EXERCISE REQUIREMENTS: All records below are to be duplicated exactly, with every picture excluded.

-----

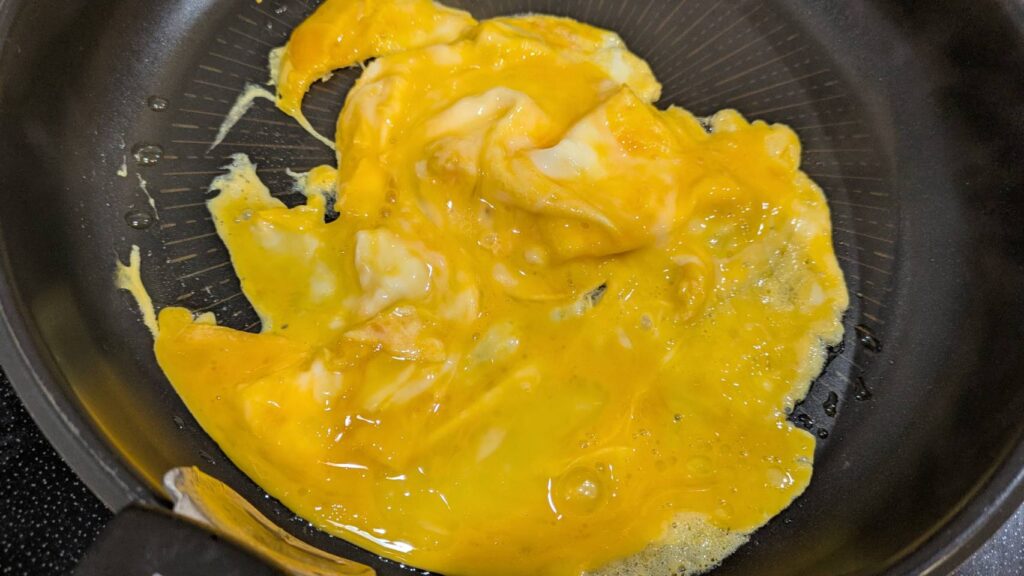 卵を炒める時は、少し半熟くらいで止めてあげるとあとでトマトと合わせる時に丁度良くふわふわに仕上がります。
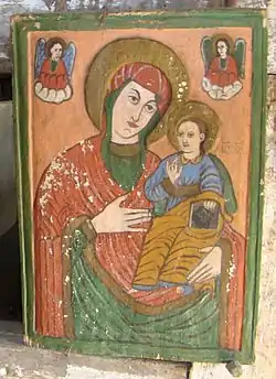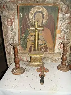 În patrimoniul bisericii se păstrează câteva icoane pe lemn din secolul al XVIII-lea (Arhanghelul Mihail, Maica Domnului cu Pruncul, Deisis), în timp ce mare parte din icoanele pe sticlă au ajuns la Cluj, în colecția Arhiepiscopiei Ortodoxe. Ușile împărătești, tot de secol XVIII, înfățișând Buna Vestire, sunt ușor înnegrite și deteriorate. Biserica posedă și câteva tipărituri din secolul al XVIII-lea. În interior se mai păstrează o frumoasă scară dintr-o singură bucată de lemn, pentru accesul în pod. Clopotul din turn are următoarea inscripție: „ANNO Domini 1794”[2].
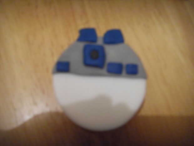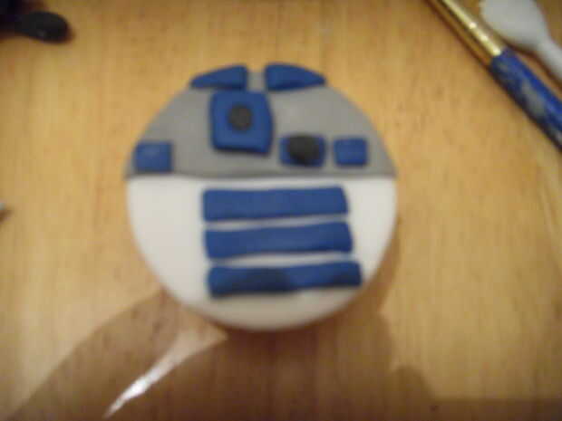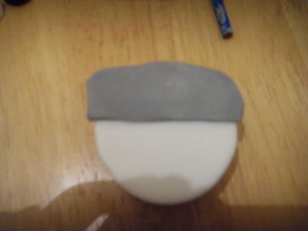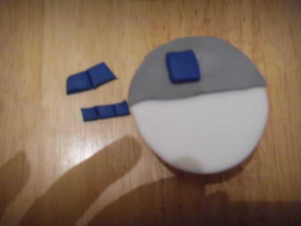 Estirar algunos pasta azul. Cortar 3 cuadrados grandes y 3 pequeños. Pegarse una gran plaza en su 'ojo'.
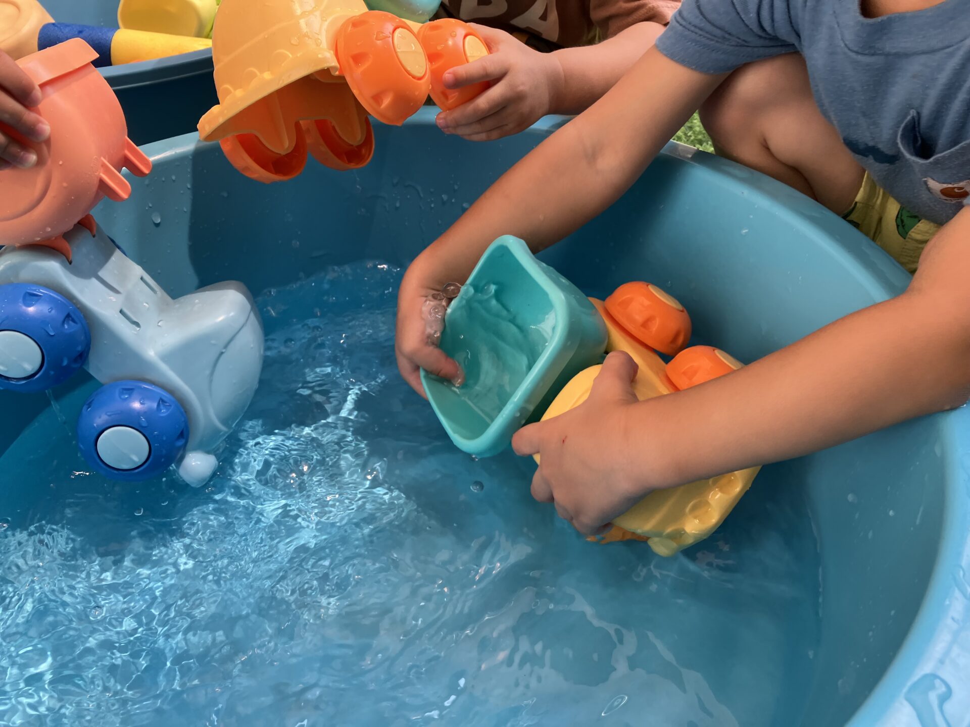 ダンプカーの玩具に水を入れたりと
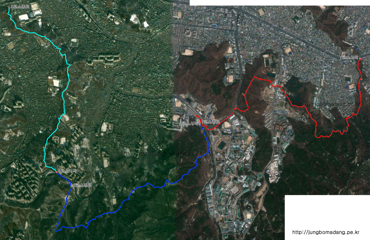 1코스는 빨간선... 위 갈림에서 관악구청길은 잘 안 간다...
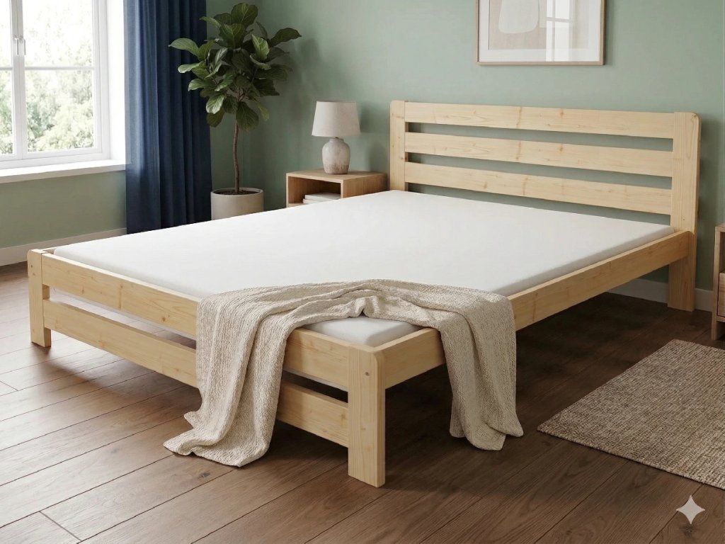 Dřevěná postel 140x200 cm z masivní borovice – VMK1B nabízí pevnost, komfort a přírodní eleganci. Je ideální pro menší ložnice, studentské pokoje nebo hostinské místnosti, kde je důležitá stabilita a dlouhá životnost. Postel je dodávána včetně laťového roštu
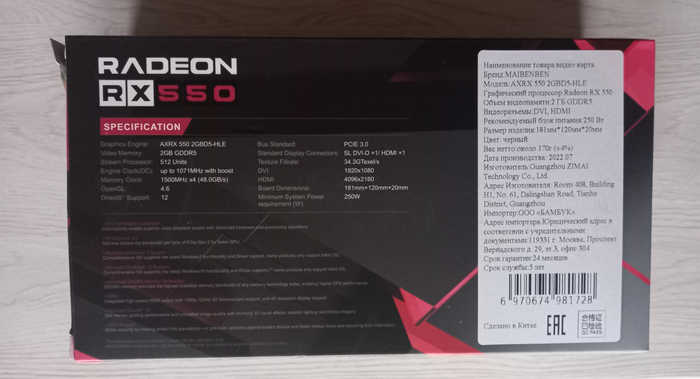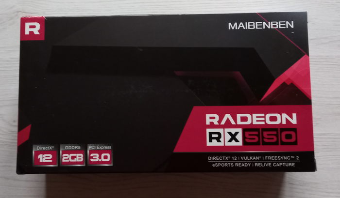 Поставляется видеокарта Maibenben Radeon RX 550 в весьма качественной для своей цены картонной коробке, на лицевой стороне которой кратко представлены спецификации устройства.
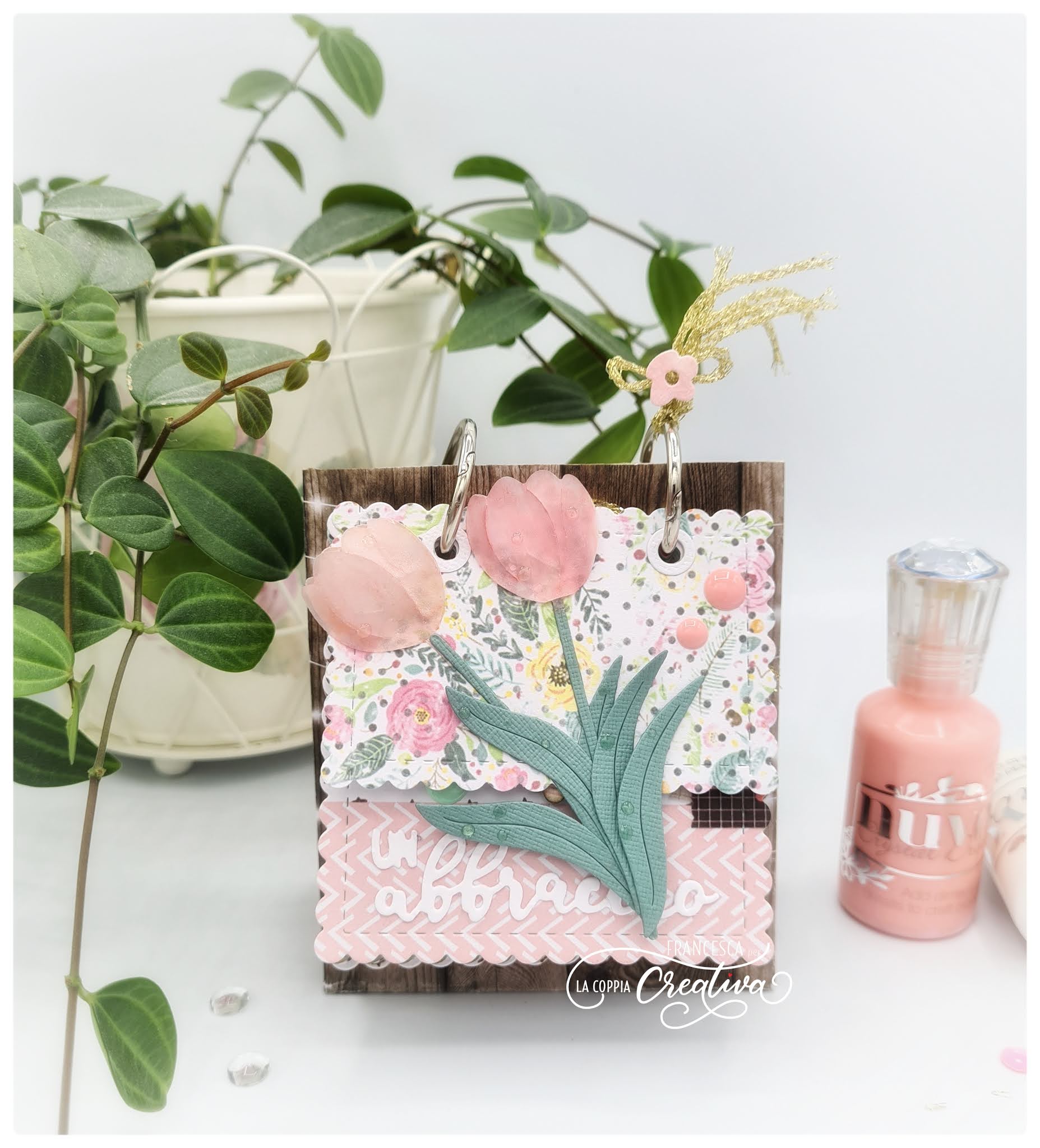 Per la “copertina” ho scelto i delicatissimi tulipani, fustellati in parte su cartoncino Bazzil (gambo e foglie) ed in parte su vellum acquerellato (petali).
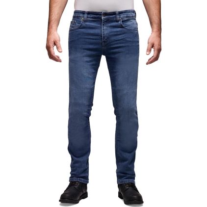 The Rooke Motorcycle Jeans combine the timeless look of classic blue jeans with sophisticated protection for urban use. The modern slim fit ensures a stylish, close-fitting look, while the high-quality 12 oz stretch denim with 3% elastane offers exceptional comfort and optimal freedom of movement. The jeans are reinforced with robust aramid inlays in areas prone to falls, such as the hips, seat, and knees, offering additional safety without compromising on comfort. Thanks to their authentic 5-pocket design, the Rooke jeans are perfect for everyday wear and are also available for children.
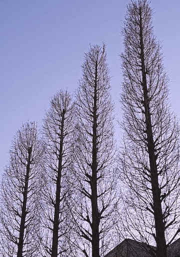すこし紫がかった空ときれいな冬木のシルエット。
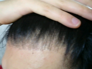 生え際は無毛地帯でしたのでスッカスカですが、
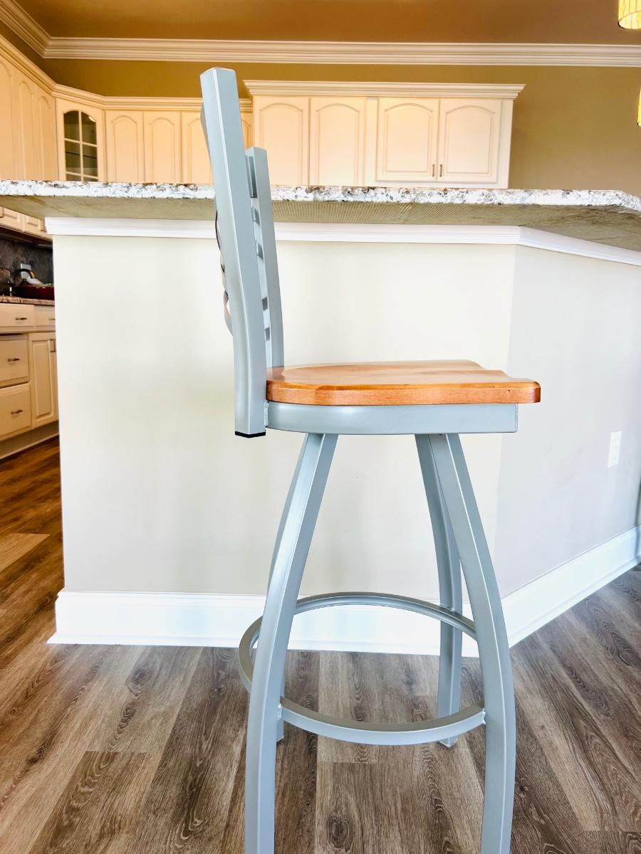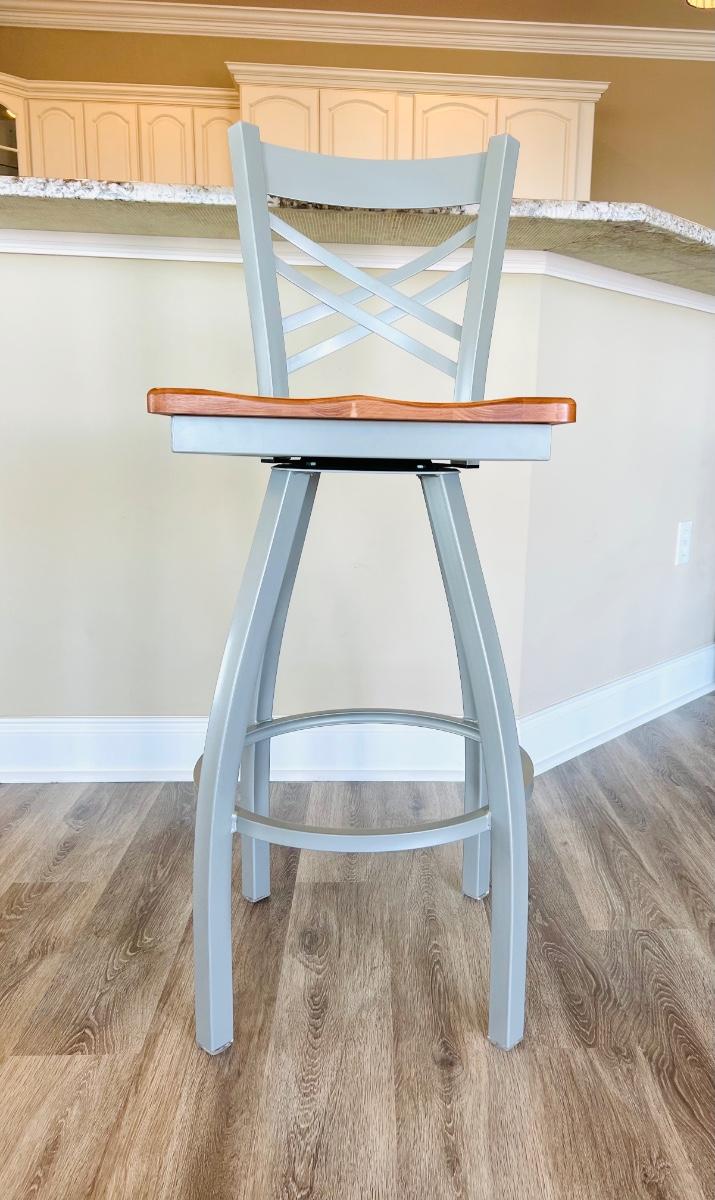 Like New, HOLLAND BARSTOOL CO. Set of 3 Barstools that swivel. Color is grey metal and natural wood seats. Measure 44 inches tall, seat measures 16 inches wide and 18 inches deep. Floor to seat measures 30 inches. LOT B
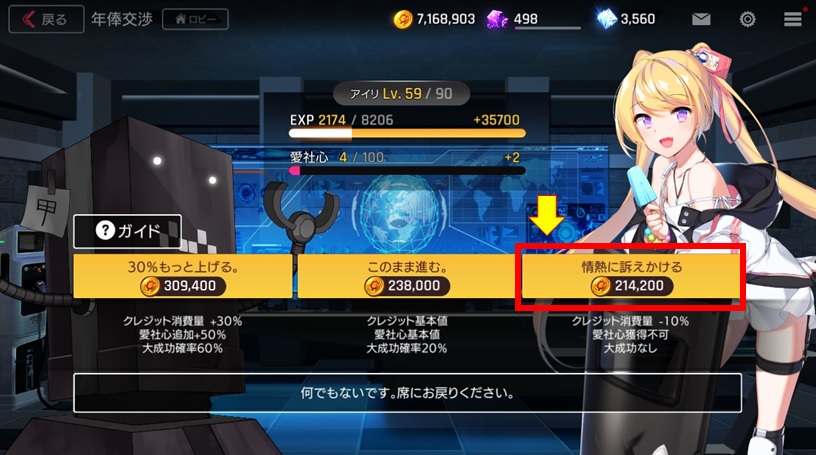 左を選ぶと「クレジット1.3倍」で愛社心50%アップ、大成功率が60%。一見すると左が良さそうに見えるけど、大成功しても経験値は1.2倍程度(しかも確実ではない)。愛社心は周回してれば上がっていくし…。

-----

EXERCISE ANSWER:
 卵を炒める時は、少し半熟くらいで止めてあげるとあとでトマトと合わせる時に丁度良くふわふわに仕上がります。
 În patrimoniul bisericii se păstrează câteva icoane pe lemn din secolul al XVIII-lea (Arhanghelul Mihail, Maica Domnului cu Pruncul, Deisis), în timp ce mare parte din icoanele pe sticlă au ajuns la Cluj, în colecția Arhiepiscopiei Ortodoxe. Ușile împărătești, tot de secol XVIII, înfățișând Buna Vestire, sunt ușor înnegrite și deteriorate. Biserica posedă și câteva tipărituri din secolul al XVIII-lea. În interior se mai păstrează o frumoasă scară dintr-o singură bucată de lemn, pentru accesul în pod. Clopotul din turn are următoarea inscripție: „ANNO Domini 1794”[2].
 Estirar algunos pasta azul. Cortar 3 cuadrados grandes y 3 pequeños. Pegarse una gran plaza en su 'ojo'.
 ダンプカーの玩具に水を入れたりと
 1코스는 빨간선... 위 갈림에서 관악구청길은 잘 안 간다...
 Dřevěná postel 140x200 cm z masivní borovice – VMK1B nabízí pevnost, komfort a přírodní eleganci. Je ideální pro menší ložnice, studentské pokoje nebo hostinské místnosti, kde je důležitá stabilita a dlouhá životnost. Postel je dodávána včetně laťového roštu
 Поставляется видеокарта Maibenben Radeon RX 550 в весьма качественной для своей цены картонной коробке, на лицевой стороне которой кратко представлены спецификации устройства.
 Per la “copertina” ho scelto i delicatissimi tulipani, fustellati in parte su cartoncino Bazzil (gambo e foglie) ed in parte su vellum acquerellato (petali).
 The Rooke Motorcycle Jeans combine the timeless look of classic blue jeans with sophisticated protection for urban use. The modern slim fit ensures a stylish, close-fitting look, while the high-quality 12 oz stretch denim with 3% elastane offers exceptional comfort and optimal freedom of movement. The jeans are reinforced with robust aramid inlays in areas prone to falls, such as the hips, seat, and knees, offering additional safety without compromising on comfort. Thanks to their authentic 5-pocket design, the Rooke jeans are perfect for everyday wear and are also available for children.
すこし紫がかった空ときれいな冬木のシルエット。
 生え際は無毛地帯でしたのでスッカスカですが、
 Like New, HOLLAND BARSTOOL CO. Set of 3 Barstools that swivel. Color is grey metal and natural wood seats. Measure 44 inches tall, seat measures 16 inches wide and 18 inches deep. Floor to seat measures 30 inches. LOT B
 左を選ぶと「クレジット1.3倍」で愛社心50%アップ、大成功率が60%。一見すると左が良さそうに見えるけど、大成功しても経験値は1.2倍程度(しかも確実ではない)。愛社心は周回してれば上がっていくし…。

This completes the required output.